2026年6月18日〜27日
昔駐在していたドイツのシュトゥットガルトを再訪した。
ずっと行きたかった。やっと行けた。20年ぶりである。
ドイツに家族と共に住めたのは、わずか2年程度だったのだが、その2年間のドイツでの豊かな生活が私の人生観を大きく変えた。
それまでは、日本でちゃんと寝る時間もないような仕事ばかりの生き方をしていて、それで仕方ないのだ、と思っていた。
だが、ドイツの人たちの生き方を知って人生観が根底から変わった。
まず残業など一切しない。だいたい15時くらいからみんなどんどんオフィスからいなくなってしまう。もっとも朝は早くに来て、人によってはランチ抜きでリンゴをかじりながら集中して仕事をしている。
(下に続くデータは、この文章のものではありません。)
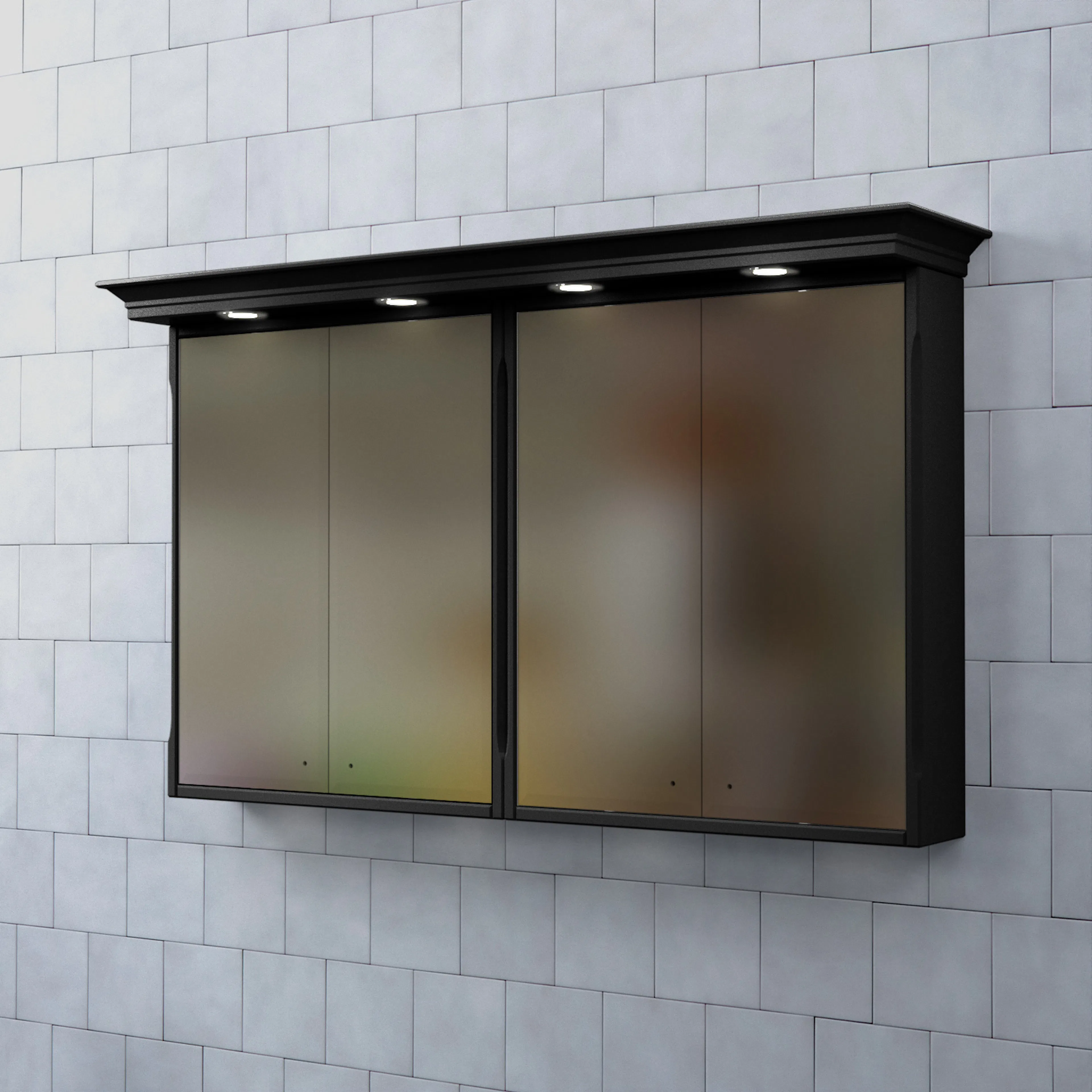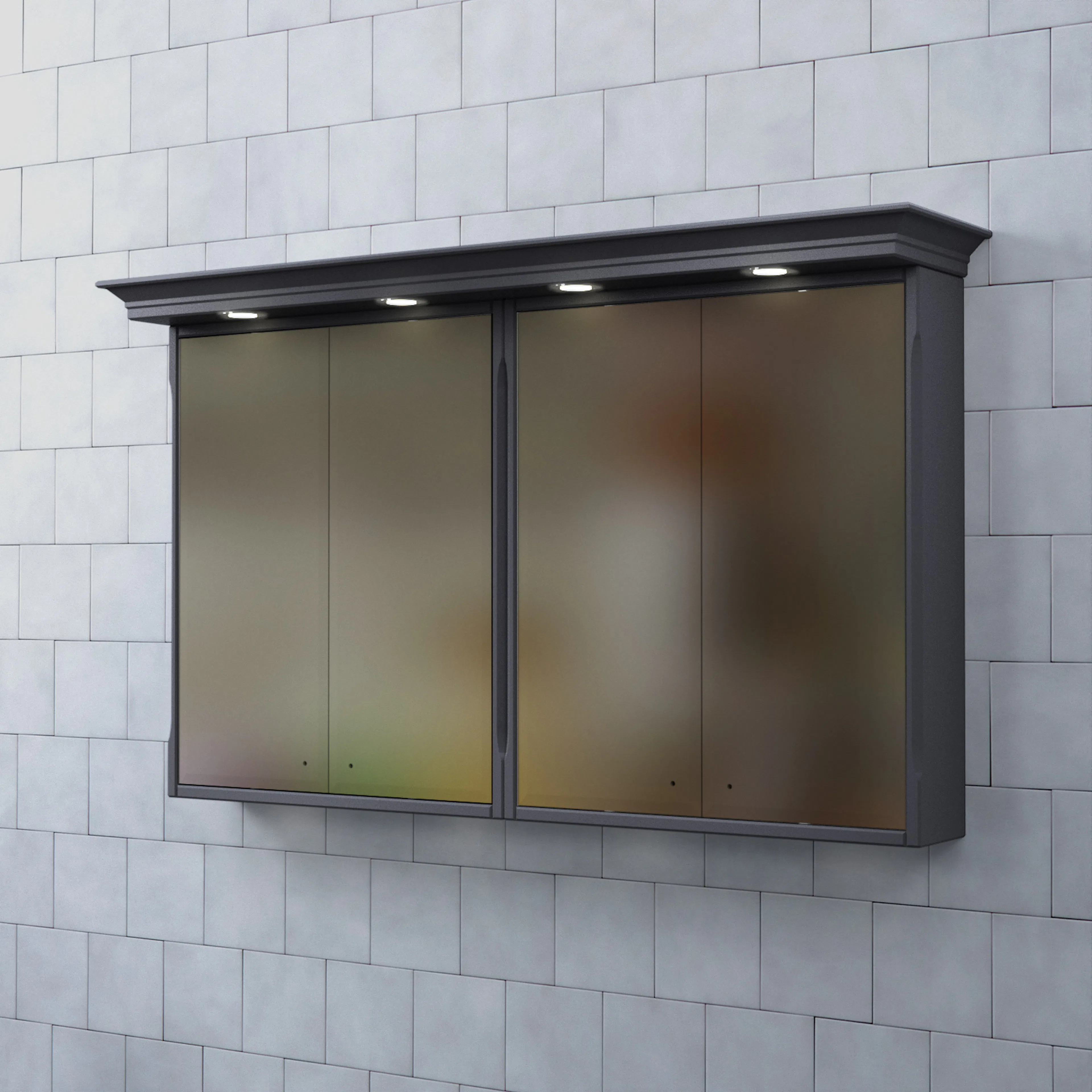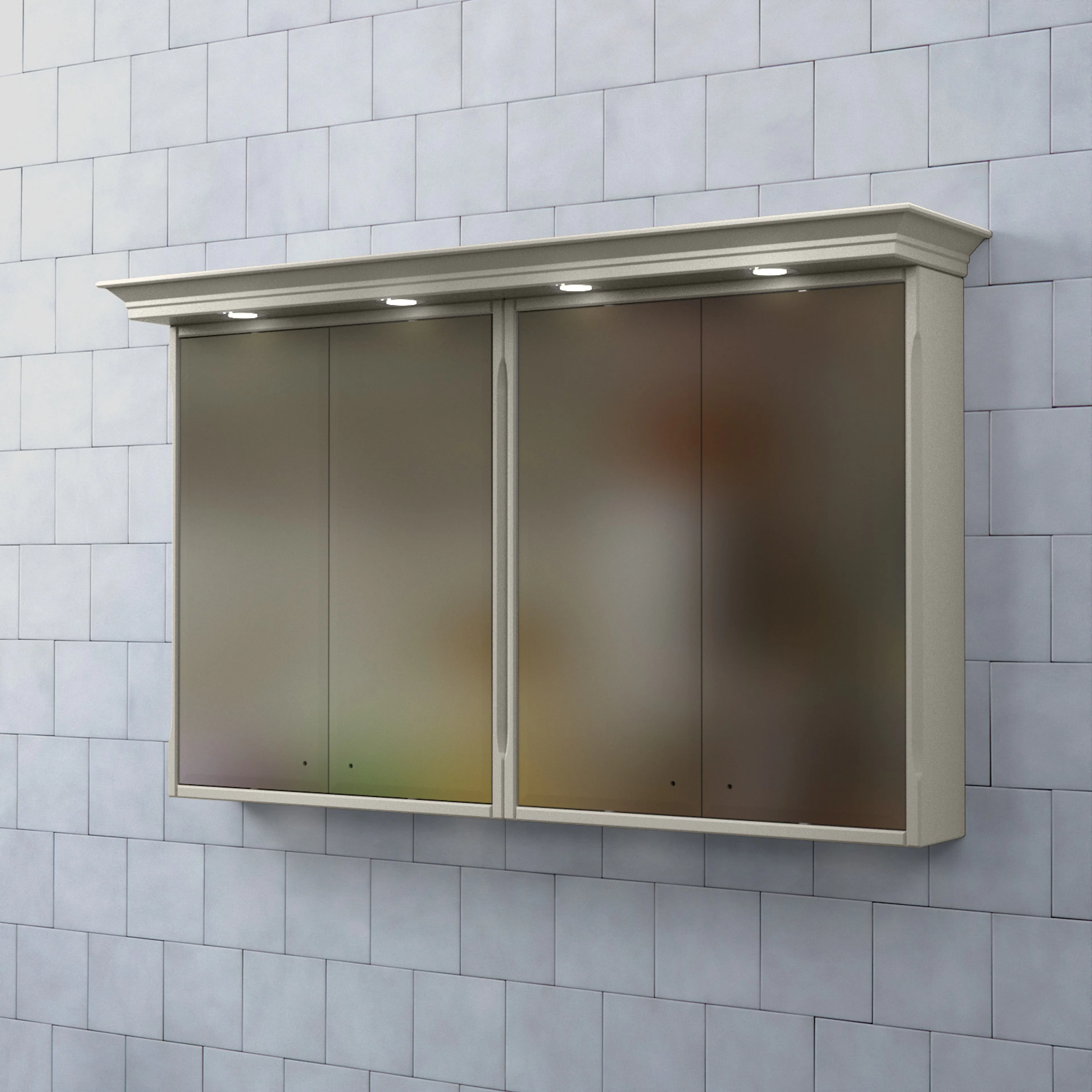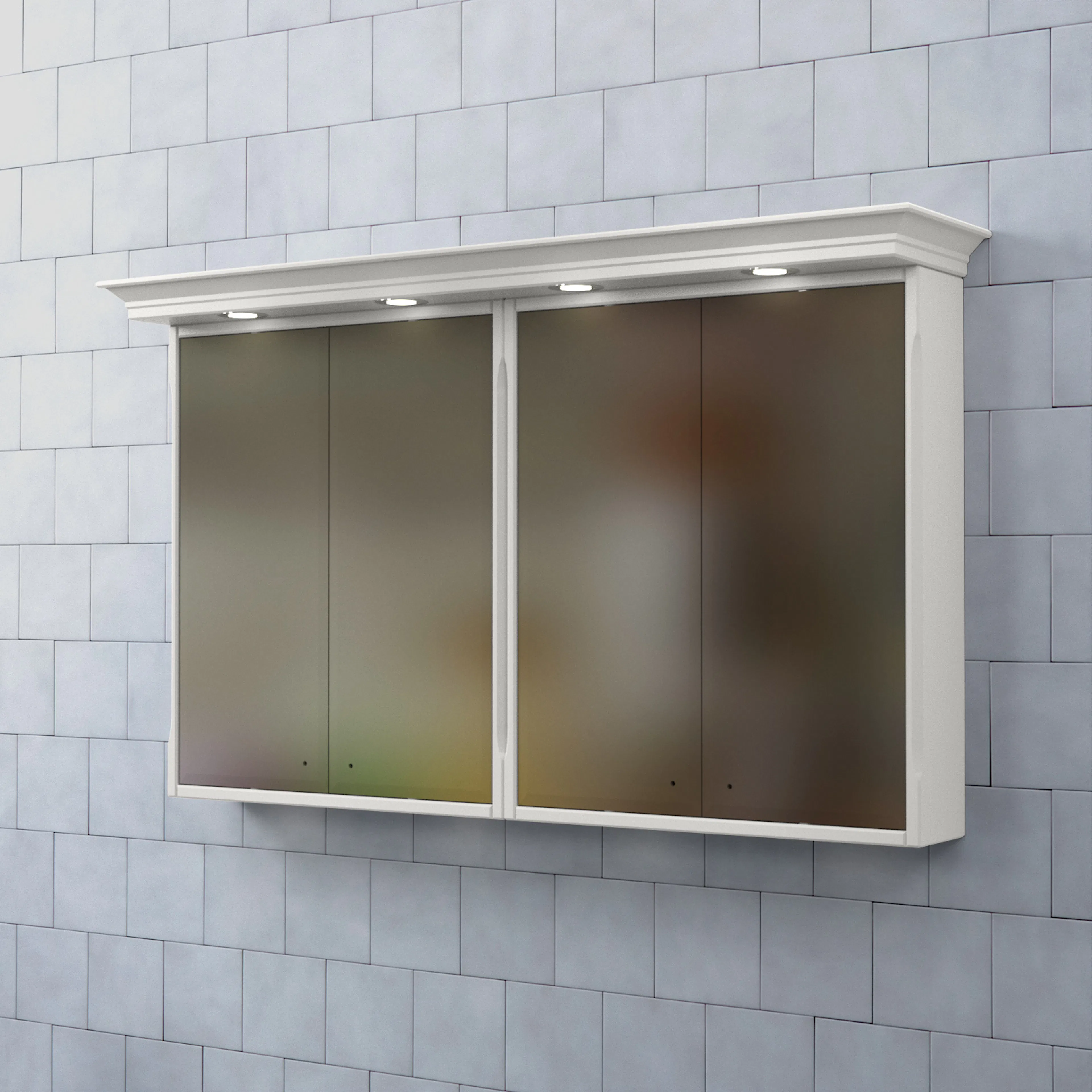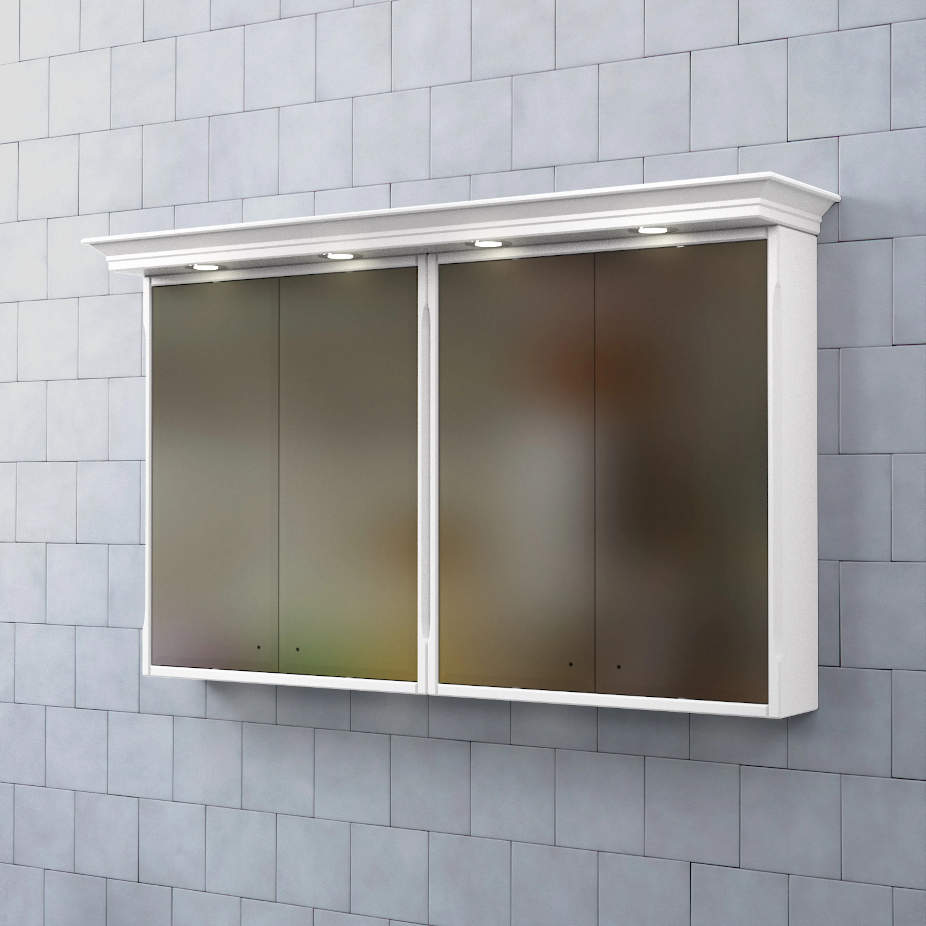 Spegelns stomme är tillverkad av målad MDF med spegelglas. Komplettera spegelskåpet med knoppar och dimmerfunktion till LED-belysningen.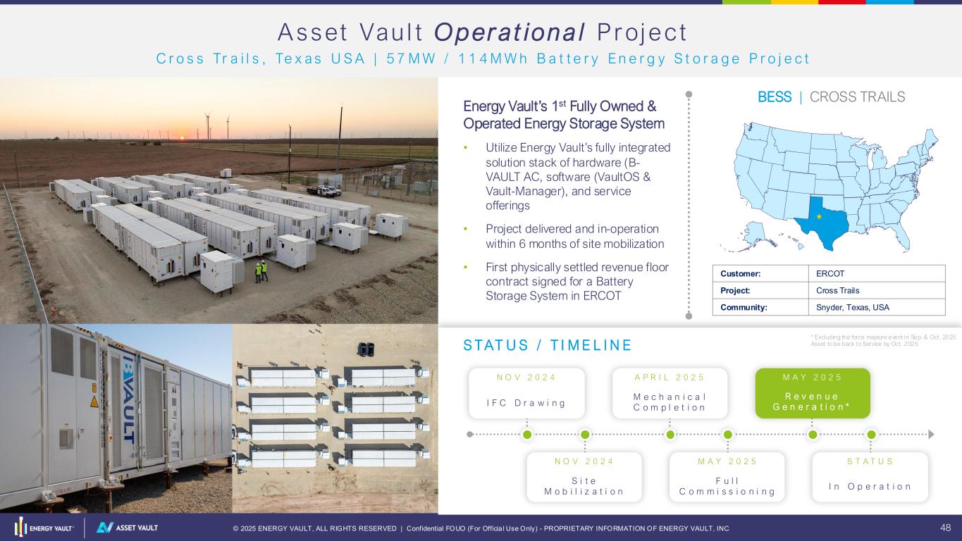 © 2025 ENERGY VAULT, ALL RIGHTS RESERVED | Confidential FOUO (For Officia l Use Only) - PROPRIETARY INFORMATION OF ENERGY VAULT, INC 47 Sus t a inab le D i f fe ren t ia t i on L e v e r a g e S u p e r i o r E x p e r t i s e f r o m t h e S y n e r g i s t i c E n e r g y S t o r a g e S o l u t i o n B u s i n e s s Improve Project Economics Accelerate Time to Revenue Minimize Project Risks Reduce OpEx Access to Premium Projects Maximizing ITC EPC Ownership, Control, and Expertise • Project management expertise & proven track record • Excellent solution design and build expertise to overcome project specific constraints such as grid interconnection capacity limitation Start-of-the-Art Battery B-Vault Platform • Battery vendor agnostic • Proactive fire safety design | Built-in cyber security capabilities • No single point of failure | Augmentation ready Innovative Software and Services • Manage and master complexity • Smart market participation • Full asset management Supply Chain Relationship • Strategic suppliers with advanced cell technologies • MSA in place to supply both domestic and international projects • Enclosure manufacturing in low tariff regions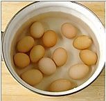 鸡蛋放入锅里加冷水烧开,转中火开盖煮5分钟入冷水过凉;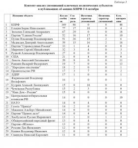 Контент-анализ упоминаний различных политических субъектов в публикациях о расстреле Верховного Совета дан в табл.5.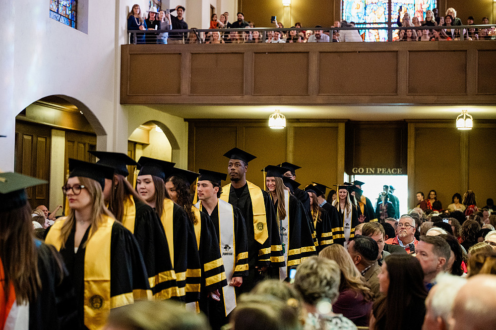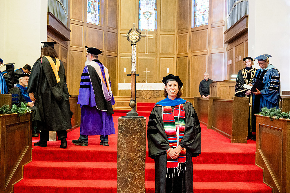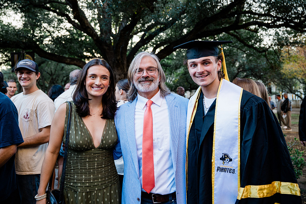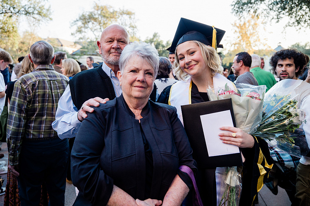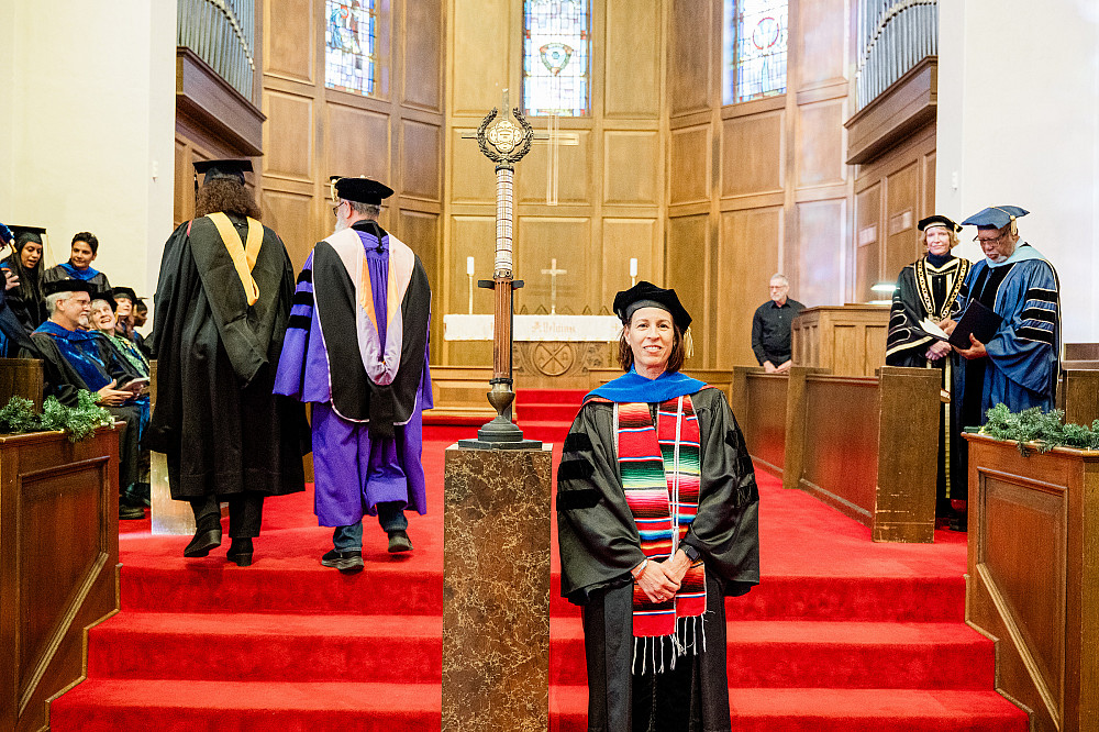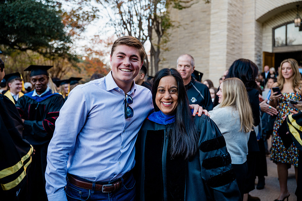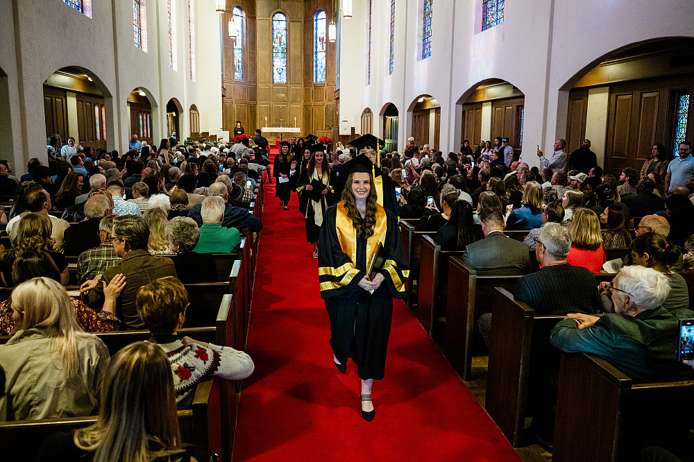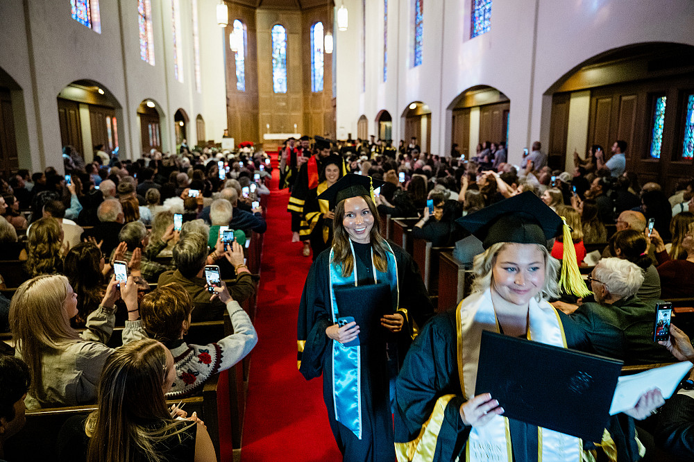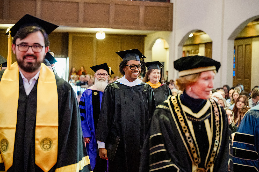 In front of a standing room-only crowd at the Lois Perkins Chapel, Southwestern University’s December graduates celebrated the completion of their undergraduate journeys with family, friends, faculty, and staff. Attendees heard remarks from Chaplain Ron Swain, President Laura Skandera Trombley, and alumni speaker Ben Woods ’06, prior to walking the stage and receiving their anticipated degrees.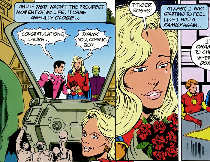 There has been fan speculation about whether Laurel Gand ever assumed any codenames. First, there is her origin story from Legion of Super-Heroes vol. 4 #9 (July 1990). In the scene where she is inducted to the Legion, leader Cosmic Boy gives her a bouquet of tiger roses. It's an odd moment that seems to suggest some extra meaning. There are numerous references online to her using the name "Tiger Rose," however, this name never appears in any DC story or text.

さっさと帰ってしまうので、同僚と話したいと思っても、午後の遅い時間に同僚の部屋に行ったのでは、もう部屋には誰もいないということがしばしば起きる。
一度、金曜の17時頃にオフィスで仕事をしていたら、携帯が鳴り、出ると家の隣人で、「これからビアガルテンに行ってビールを飲まないか?」と。「いや、まだオフィスで仕事してるんだ」と言うと、「金曜の夕方に何で仕事なんかしてるんだ、今すぐ帰ってこい!」と言われ、ダッシュで帰宅したことがある。
夏の休暇は3週間取って当たり前。最初の1週間で今までの疲れが出て、次の1週間でやっと休みモードになり、最後の1週間で本当に休みを楽しむのだ、と言われた。4週間取る人間もいるので、正直、日本人の感覚では、7月から8月にかけては仕事にならない。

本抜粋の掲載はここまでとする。